[Data excerpt — start]
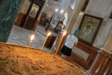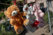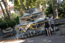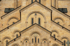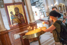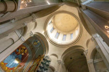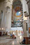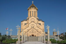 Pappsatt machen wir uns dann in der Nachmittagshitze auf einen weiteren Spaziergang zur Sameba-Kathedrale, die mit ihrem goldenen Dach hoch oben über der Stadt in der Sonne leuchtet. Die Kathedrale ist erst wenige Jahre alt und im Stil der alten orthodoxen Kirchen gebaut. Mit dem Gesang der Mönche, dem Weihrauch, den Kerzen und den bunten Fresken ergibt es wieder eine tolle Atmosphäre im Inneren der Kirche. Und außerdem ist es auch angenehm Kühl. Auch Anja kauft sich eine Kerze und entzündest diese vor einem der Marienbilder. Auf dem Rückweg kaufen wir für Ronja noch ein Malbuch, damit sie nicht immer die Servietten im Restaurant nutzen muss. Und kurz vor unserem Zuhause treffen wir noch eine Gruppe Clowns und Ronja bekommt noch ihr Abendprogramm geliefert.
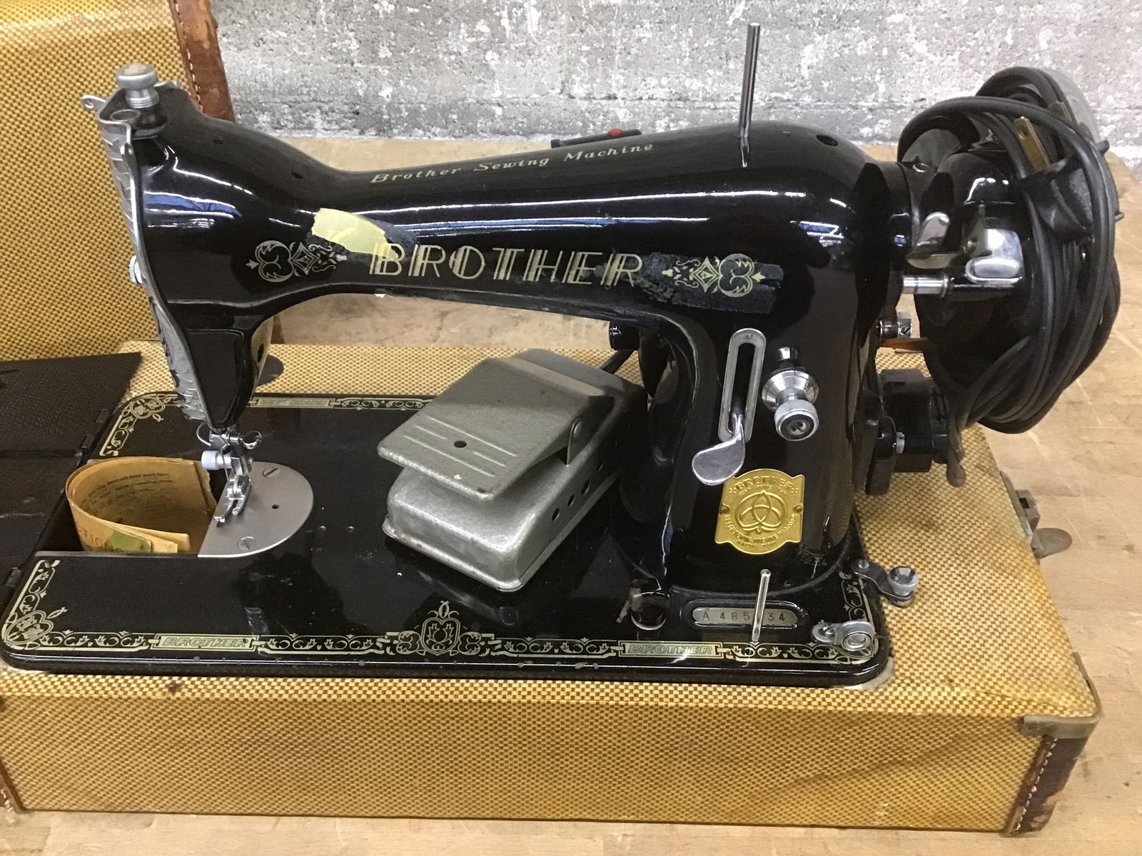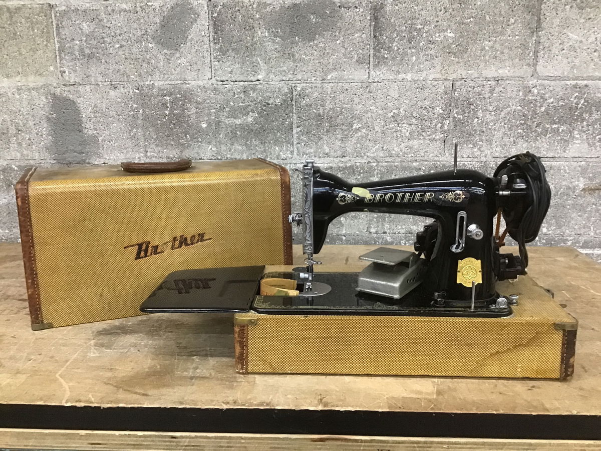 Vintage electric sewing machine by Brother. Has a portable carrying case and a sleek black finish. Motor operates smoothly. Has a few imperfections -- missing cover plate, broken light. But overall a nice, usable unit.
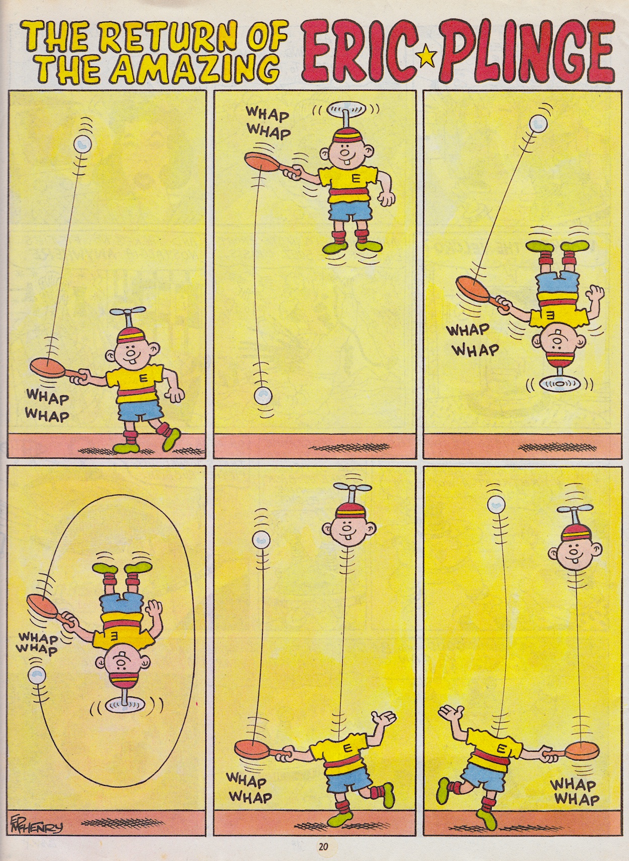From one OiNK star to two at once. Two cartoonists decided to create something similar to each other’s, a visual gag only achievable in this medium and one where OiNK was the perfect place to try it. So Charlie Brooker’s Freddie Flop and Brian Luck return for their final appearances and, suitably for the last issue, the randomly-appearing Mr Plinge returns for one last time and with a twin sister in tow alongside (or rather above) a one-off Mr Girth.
[Data excerpt — finish]
Problem details:
All of the listing above has to be reproduced exactly, though without its images.

The completed task:
 Pappsatt machen wir uns dann in der Nachmittagshitze auf einen weiteren Spaziergang zur Sameba-Kathedrale, die mit ihrem goldenen Dach hoch oben über der Stadt in der Sonne leuchtet. Die Kathedrale ist erst wenige Jahre alt und im Stil der alten orthodoxen Kirchen gebaut. Mit dem Gesang der Mönche, dem Weihrauch, den Kerzen und den bunten Fresken ergibt es wieder eine tolle Atmosphäre im Inneren der Kirche. Und außerdem ist es auch angenehm Kühl. Auch Anja kauft sich eine Kerze und entzündest diese vor einem der Marienbilder. Auf dem Rückweg kaufen wir für Ronja noch ein Malbuch, damit sie nicht immer die Servietten im Restaurant nutzen muss. Und kurz vor unserem Zuhause treffen wir noch eine Gruppe Clowns und Ronja bekommt noch ihr Abendprogramm geliefert.
 Vintage electric sewing machine by Brother. Has a portable carrying case and a sleek black finish. Motor operates smoothly. Has a few imperfections -- missing cover plate, broken light. But overall a nice, usable unit.
From one OiNK star to two at once. Two cartoonists decided to create something similar to each other’s, a visual gag only achievable in this medium and one where OiNK was the perfect place to try it. So Charlie Brooker’s Freddie Flop and Brian Luck return for their final appearances and, suitably for the last issue, the randomly-appearing Mr Plinge returns for one last time and with a twin sister in tow alongside (or rather above) a one-off Mr Girth.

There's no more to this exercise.